**** Input data ****
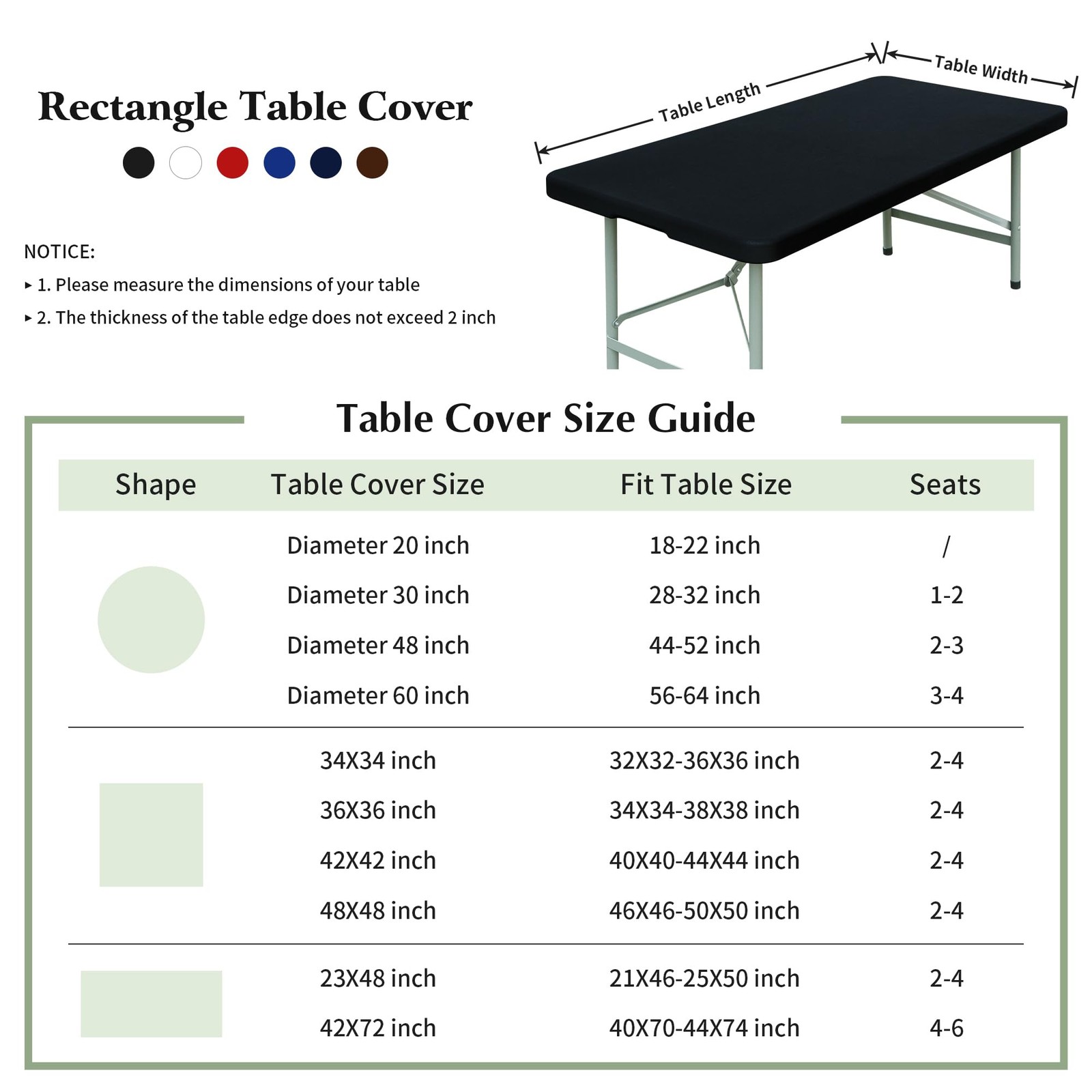 Size Guide: 2 PCS rectangle elastic tablecloths, NOT TABLES. This black elastic table cover measures 24X48 inches, suitable for rectangle tables 22X46-26X50 inches whose thickness is less than 2 inches. Table types for reference are kitchen tables, dining tables, garden tables, banquet tables and other indoor or outdoor tables
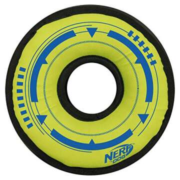 Nerf Dog Trackshot Cyclone Ring Dog Toy, Lightweight, Durable and Water Resistant, 9 Inches, for Medium/Large Breeds, Single Unit, Blue/Green
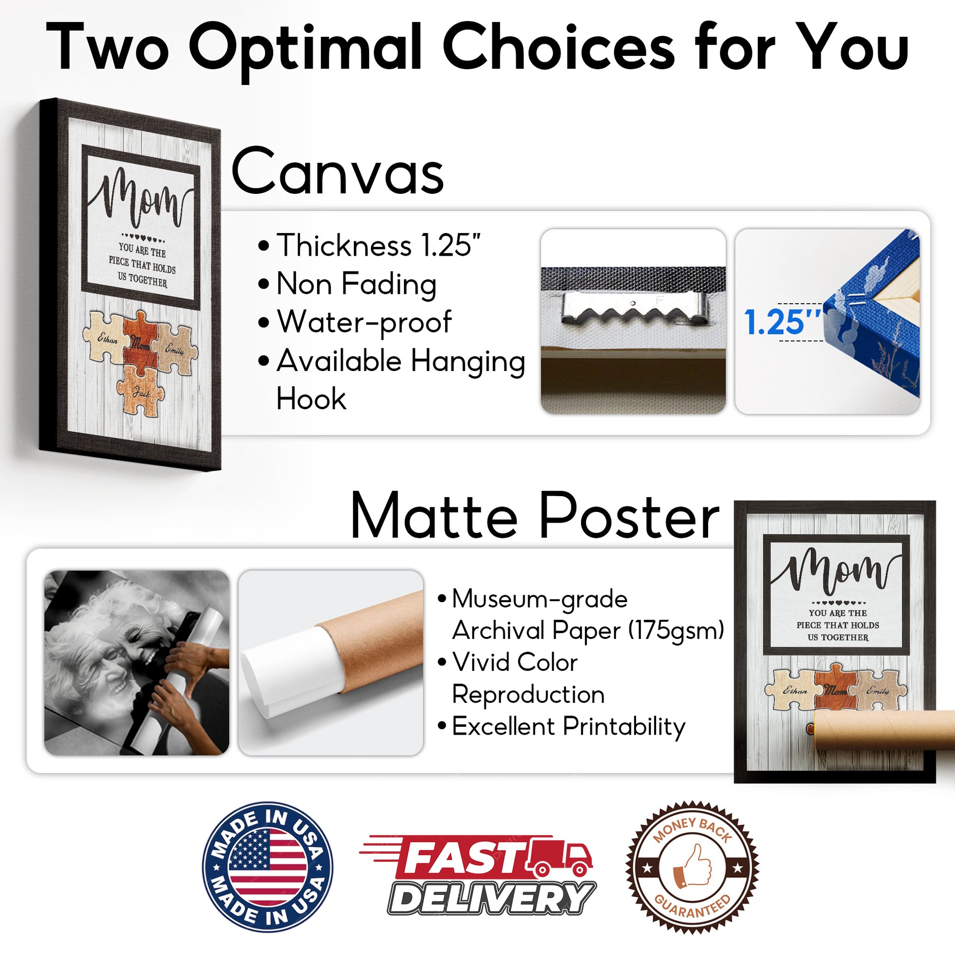 You Are The Piece That Holds Us Together Custom Mom Puzzle Piece Wall Art, Mother's Day Gift from Daughter Son
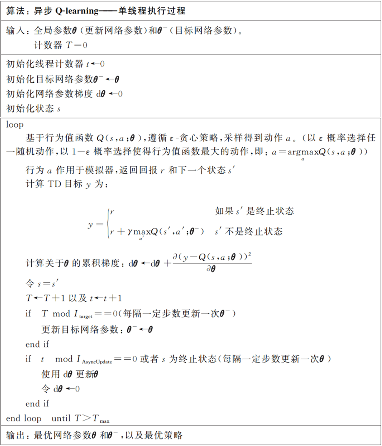 目标。同 DQN 一样,异步 Q-learning 也有两个神经网络:目标网络和更新网络,分别使用了不同的网络参数
****
Task statement ▸ Leave the pictures out, and reproduce only the lines from the line holding "You Are The" through the last line of the material, both included.

Answer to this problem ▸
 You Are The Piece That Holds Us Together Custom Mom Puzzle Piece Wall Art, Mother's Day Gift from Daughter Son
 目标。同 DQN 一样,异步 Q-learning 也有两个神经网络:目标网络和更新网络,分别使用了不同的网络参数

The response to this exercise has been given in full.